Multiplying by $$k$$ just means re-adjusting the values of the arbitrary constant factor $$c$$ in the definition of big-O. This property ensures machine-independence (i.e., we can forget about constant factors). Since $$\log_{a}n = \log_{a}b \times \log_{b}n$$, we don’t need to be specific about the base when saying $$O(\log~n)$$.

Property 2

$$f(n) + g(n) \in O(\max(f(n), g(n))$$

Here, $$\max((f(n), g(n))$$ is a function that for any n, returns the maximum of $$f(n)$$ and $$g(n))$$:

The property follows from the fact that for any $$n, f(n) + g(n) \leq 2 \cdot f(n)$$ or $$f(n) + g(n) \leq 2 \cdot g(n)$$. Therefore, $$f(n) + g(n) \leq 2 \cdot \max(f(n), g(n))$$.

Property 3

$$\max(f(n), g(n)) \in O(f(n) + g(n))$$.

This property follows from the fact that for any $$n, \max(f(n), g(n)) \leq f(n)$$ or $$\max(f(n), g(n)) \leq g(n)$$. Therefore, $$\max(f(n), g(n)) \leq f(n) + g(n)$$.

Corollary

$$O(f(n) + g(n)) = O(\max(f(n), g(n))$$.

Property 4

If $$f(n) \in O(g(n))$$, then $$f(n) + g(n) \in O(g(n))$$.

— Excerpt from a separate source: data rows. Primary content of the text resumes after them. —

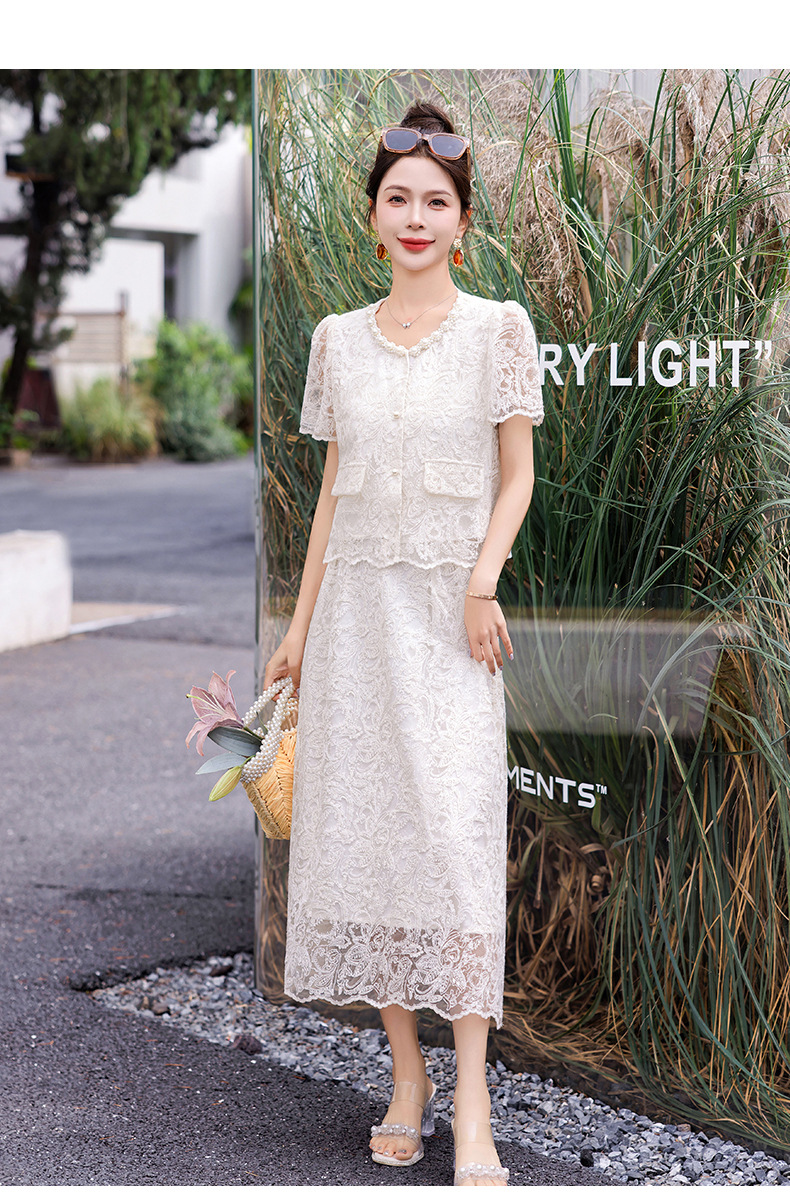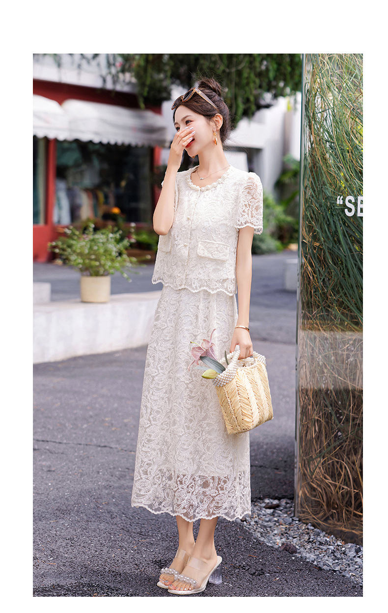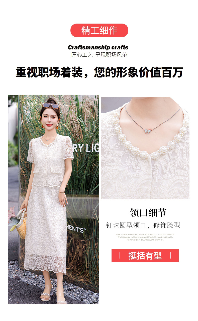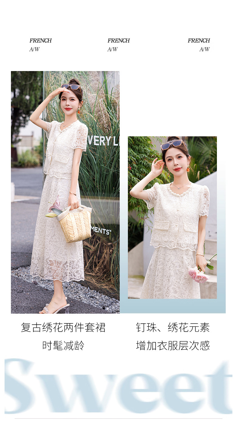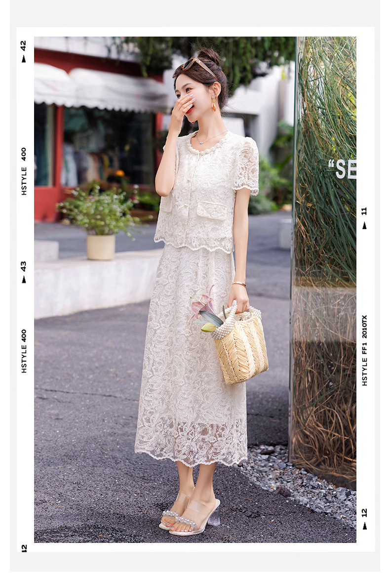 小香风钉珠绣花蕾丝套装裙,气质名媛时尚显瘦上衣半身裙子两件套HR-YJLY9821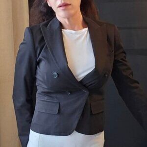 "Theory Double-Breasted Cropped Blazer in Stretch Cotton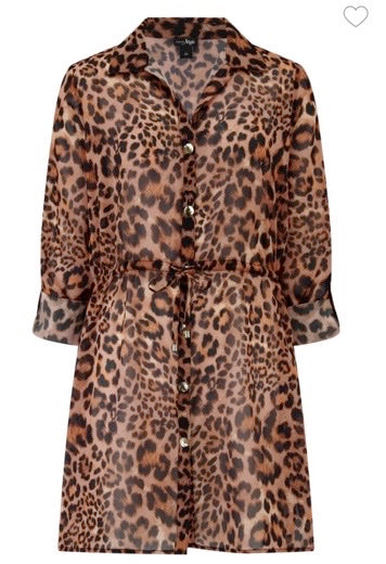 Pour Moi | Chiffon Button Through Beach Shirt | Leopard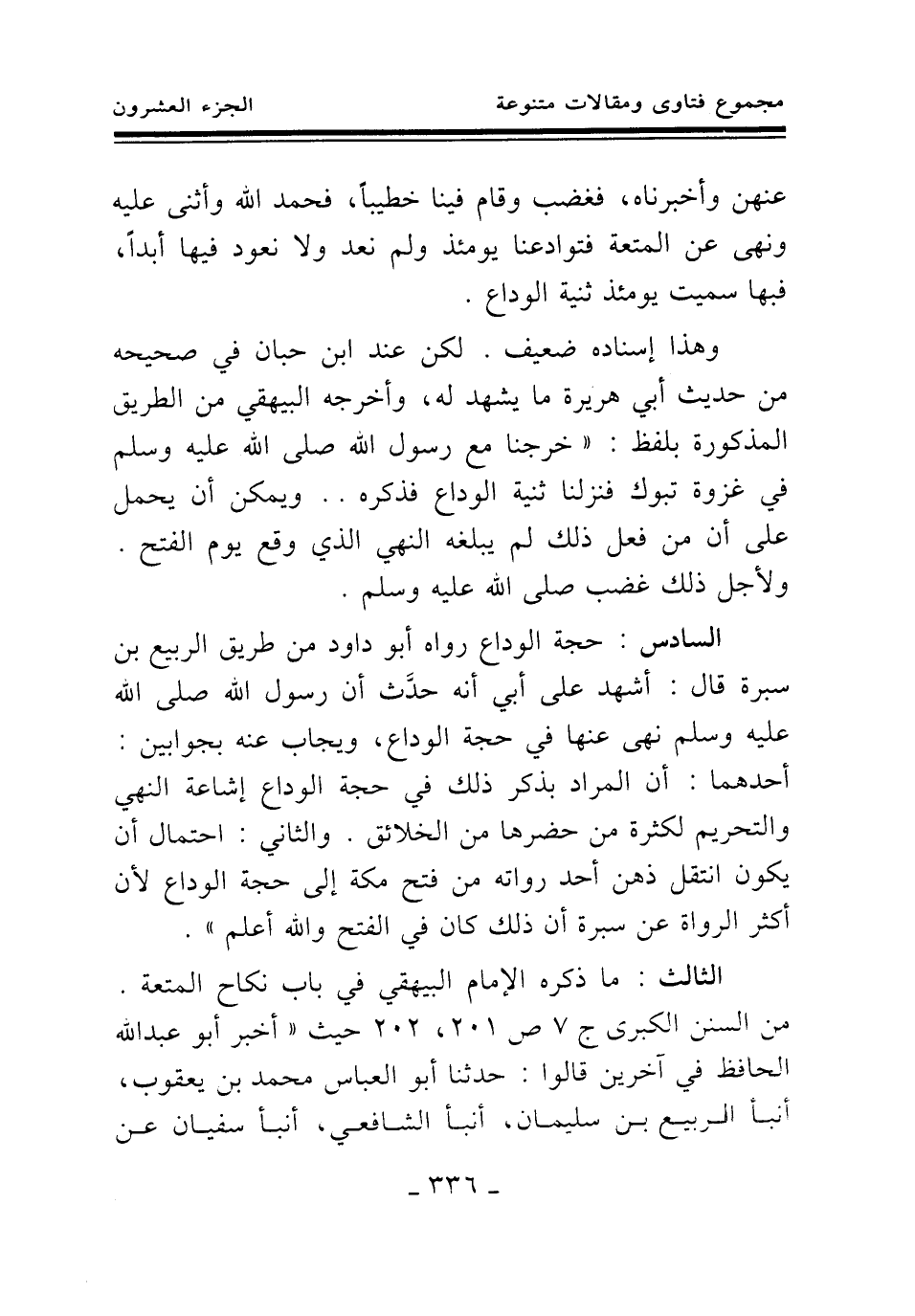 الثالث: ما ذكره الإمام البيهقي في باب نكاح المتعة. من السنن الكبرى ج 7 ص 201، 202 حيث " أخبر أبو عبد الله الحافظ في آخرين قالوا: حدثنا أبو العباس محمد بن يعقوب، أنبأ الربيع بن سليمان، أنبأ الشافعي، أنبأ سفيان عن

Follows from the fact that there exist $$c, n_0$$, such that for any $$n \geq n_0, f(n) \leq c \cdot g(n)$$; Therefore, for any $$n \geq n_0, f(n) + g(n) \leq (c + 1) \cdot g(n)$$. Intuitively, a faster-growing function eventually dominates.

## 3.3.3. Little o-notation¶

Definition

The positive-valued function $$f(x) \in o(g(x))$$ if and only if for all constants $$\varepsilon > 0$$ there exists a value $$x_0$$ such that for all $$x \geq x_0, f(x) \leq \varepsilon \cdot g(x)$$.

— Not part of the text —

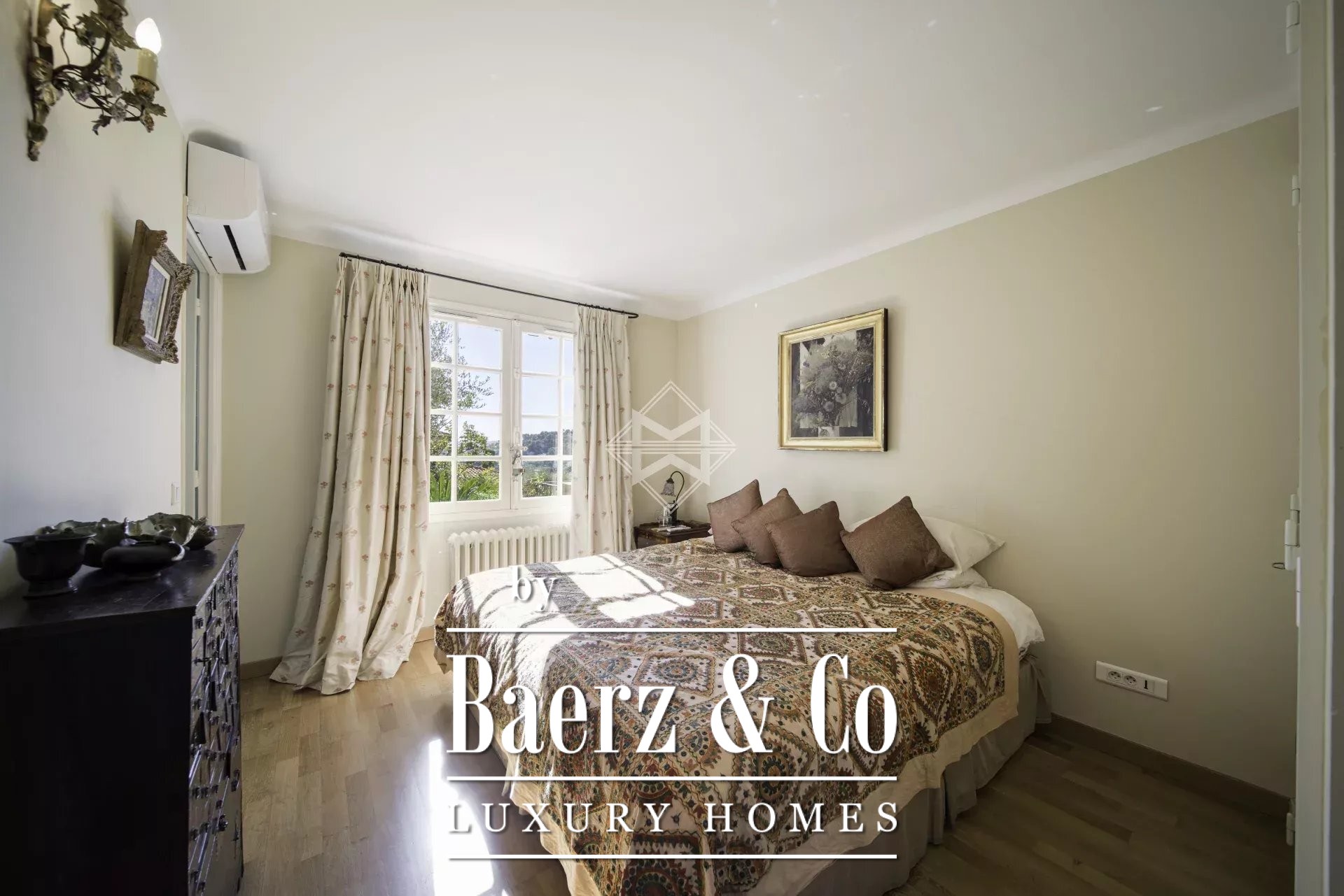This charming villa is ideally located just steps from the picturesque village of Mougins, renowned for its gourmet restaurants and art galleries. Nestled atop a lush garden, it offers panoramic views of the verdant Esterel hills and stunning sunsets.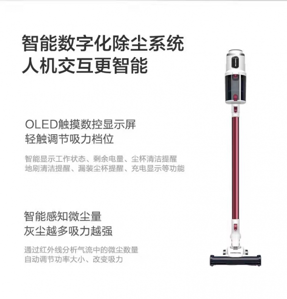 智能性升级是吸尘器最突出的一种改变,也是最让人难以预料的一种改变,很多商家为了能提高智能性大开脑洞,努力科研,将一些看似与吸尘器无关的技术都结合在了吸尘器上,打造了一场科技盛宴。比如说欧洲销量第一的斐纳TOMEFON吸尘器具备了智能除尘系统,国产巨头美的吸尘器实现了吸拖一体,这几年风很大的戴森吸尘器可以通过激光让灰尘显形等,在这里我们要着重说说最让人惊喜的斐纳TOMEFON的智能除尘系统,斐纳TOMEFON的智能除尘系统能够利用红外线探知分析气流中的微尘数量,从而根据微尘数量自动调整功率,改变吸力,做到杀牛用杀牛刀,宰鸡用宰鸡刀,既不会“小题大做”,也不会“盲目轻敌”,让清洁更有针对性,让洁净更易感知,使用起来省心省力还节省资源。除此之外,斐纳TOMEFON的智能除尘系统还包括一块OLED触摸数控显示屏,我们不仅能够通过显示屏清晰检测清洁状态以及机器的工作状态,还能够通过触摸显示屏操控吸尘器,使用起来更加方便。

This definition provides a tighter boundary on $$f(x)$$: it states that $$g(x)$$ grows much faster (i.e., more than a constant factor times faster) than $$f(x)$$.

Example

We can show that $$x^2 \in o(x^3)$$, as for any $$\varepsilon > 0$$ we can take $$x_0(\varepsilon) = \frac{1}{\varepsilon} + 1$$, so for all $$x \geq x_0(\varepsilon), \varepsilon \cdot x^3 \geq \varepsilon \cdot (\frac{1}{\varepsilon} + 1) \cdot x^2 > x^2$$.

## 3.3.4. Proofs using O-notation¶

Standard exercise: show that $$f(x) \in O(g(x))$$ (or not) is approached as follows:

• Unfold the definition of O-notation;
• Assuming that the statement is true, try to find a fixed pair of values $$c$$ and $$x_0$$ from the definition to prove that the inequality holds for any $$x$$;
• If such fixed pair cannot be found, as it depends on the value of $$x$$, then the universal quantification over $$x$$ in the definition doesn’t hold, hence $$f(x) \notin O(g(x))$$.

Example 1: Is $$n^2 \in O(n^3)$$?

Assume this holds for some $$c$$ and $$n_0$$, then:

\begin{split}\begin{align*} & n^2 - c \cdot n^3 \leq 0,~\text{for all}~n \geq n_0 \\ \implies & n^2 (1 - c \cdot n) \leq 0,~\text{for all}~n \geq n_0 \\ \implies & 1 \leq c \cdot n,~\text{for all}~n \geq n_0 \\ \implies & n \geq \frac{1}{c},~\text{for all}~n \geq n_0 \\ \end{align*}\end{split}

As this clearly holds for $$n_0 = 2$$ and $$c = 1$$, we may conclude that $$n^2 \in O(n^3)$$.

$$\square$$

Example 2: Is $$n^3 \in O(n^2)$$?

Assume this holds for some $$c$$ and $$n_0$$, then:

\begin{split}\begin{align*} & n^3 - c \cdot n^2 \leq 0,~\text{for all}~n \geq n_0 \\ \implies & n^2 \cdot (n - c) \leq 0,~\text{for all}~n \geq n_0 \\ \implies & n - c \leq 0,~\text{for all}~n \geq n_0 \\ \end{align*}\end{split}

Now, since $$c$$ and $$n_0$$ are arbitrary, but fixed, we can consider $$n = c + 1 + n_0$$ (and so we can do for any $$c$$ and $$n_0$$), so we see that the inequality doesn’t hold, hence in this case no fixed $$c$$ and $$n_0$$ can be found to satisfy it for any $$n$$. Therefore $$n^3 \notin O(n^2)$$.

$$\square$$

## 3.3.6. Complexity of sequential composition¶

Consider the following OCaml program, where a is a value of size n:

let x = f1(a)

in  x + f2(a)


Assuming the complexity of f1 is $$f(n)$$ and the complexity of f2 is $$g(n)$$, executing both of them sequentially leads to summing up their complexity, which is over-approximated by $$O(\max(f(n), g(n))$$. This process of “collapsing” big O’s can be repeated for a finite number of steps, when it does not depend on the input size.